А дело в том, что у меня действительно есть брат, кареглазый блондин, на два года младше меня. Он так не похож на меня и на мою тем­новолосую сестру, что мы, бывало, дразнили его подкидышем. «Незнакомцы оставили тебя у нас на крыльце и когда-нибудь вернутся за тобой», — уверяли мы его. Он плакал, а мы все равно твердили свое.

Мой брат рос, как растут многие младшие в семье дети: всеми любимый, избалованный, но с истерзанной душой. Он мечтал стать актером или певцом; за обедом он проигрывал перед нами целые телеспектакли, исполняя в них все роли подряд, не в силах при этом скрыть своей свер­кающей улыбки. Я был хорошим учеником, он был плохим; я был послушным, он вечно нару­шал правила; я держался подальше от спиртного и наркотиков, он перепробовал все на свете. Вско­ре после окончания шкоды он переехал в Европу, предпочтя тамошний, менее торопливый, с его точки зрения, образ жизни. И все же он оста­вался в семье любимчиком. Когда он приезжал нас навестить, в присутствии этого забавного, необузданного парня я чувствовал себя скован­ным, консервативным.

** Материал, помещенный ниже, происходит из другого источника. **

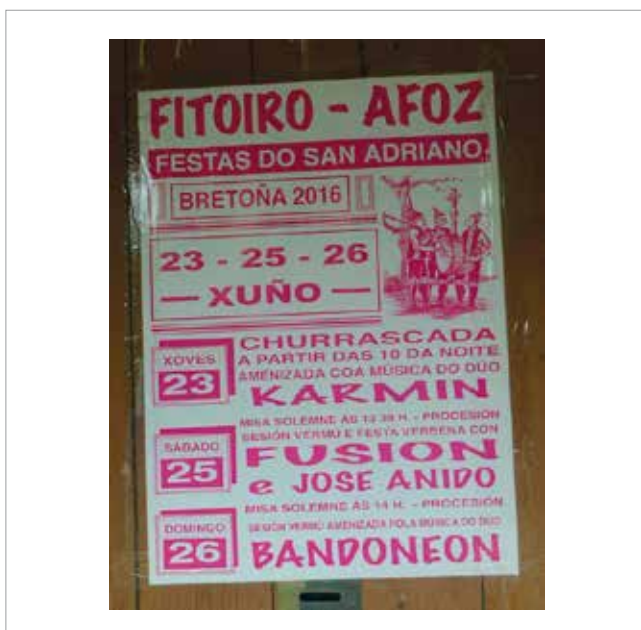
Cartel anunciador da festa.

По моим представлениям, при всех явных между нами различиях наши судьбы должны были разойтись в противоположных направлениях. И я оказался прав во всем, кроме одного. Со дня, когда умер мой дядя, я считал, что меня постиг­нет такая же участь: болезнь преждевременно уне­сет мою жизнь. И потому я в постоянном ожида­нии рака работал как заведенный. Я чувствовал, как болезнь дышит мне в затылок. Я знал: она неизбежна. Я ждал ее, как приговоренный ждет палача.

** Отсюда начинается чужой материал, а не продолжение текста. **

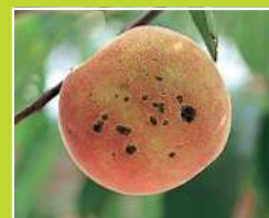
もも/せん孔細菌病
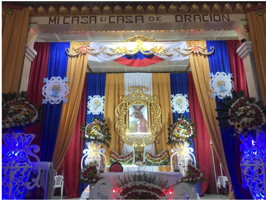
Iglesia del Señor del Río – Tufiño (Ecuador)
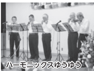
ハーモニクスゆうゆう

И я был прав. Болезнь пришла.

Но не ко мне.

Она поразила брата.

Тот же вид рака, что и у моего дяди. Рак под­желудочной железы. Редкая форма. И у самого младшего в нашей семье, блондина с карими гла­зами, начались химиотерапия и облучение. У него выпали волосы, а лицо исхудало донельзя. «Ведь это предназначалось мне», — думал я. Но мой брат — это не я и не мой дядя. Он — борец, и всегда им был, с самых ранних лет, еще с тех пор, когда мы дрались с ним в подвале и он умуд­рился прокусить мой ботинок, а я завопил от боли и отпустил его.

И брат начал сражение. Он жил тогда в Ис­пании и стал биться с болезнью с помощью эк­спериментального лекарства, по сию пору не­доступного в Штатах. Он летал по всей Европе в поисках новых средств. После пяти лет борь­бы лечение, похоже, приостановило болезнь.

Это была хорошая новость. Плохая же новость заключалась в том, что брат не хотел, чтобы я был рядом с ним; ни я, ни кто-либо другой из нашей семьи. Сколько мы ни пытались звонить и навещать его, он не принимал никого из нас, настаивая на том, что борьбу он должен вести сам. Месяцами от него не было ни слуху ни духу. Мы оставляли ему сообщения на автоответчике, но он на них не отвечал. Меня мучило чувство вины за то, что я ничего для него не делаю, и сжигало чувство гнева за то, что он не позволяет нам ему помочь.

И вот я снова окунулся в работу. Я работал потому, что над работой у меня был контроль. Я работал потому, что находил в этом смысл и получал отдачу. Но всякий раз, когда я звонил брату в Испанию и слышал на автоответчике его голос — брат говорил по-испански, еще одно свидетельство того, как далеки мы были друг от друга, — я бросал трубку и хватался за работу.

Возможно, в этом была одна из причин, по­чему меня так тянуло к Морри. Он допускал меня туда, куда мой брат отказывался допустить.

Оглядываясь назад, я думаю, что Морри знал об этом с самого начала.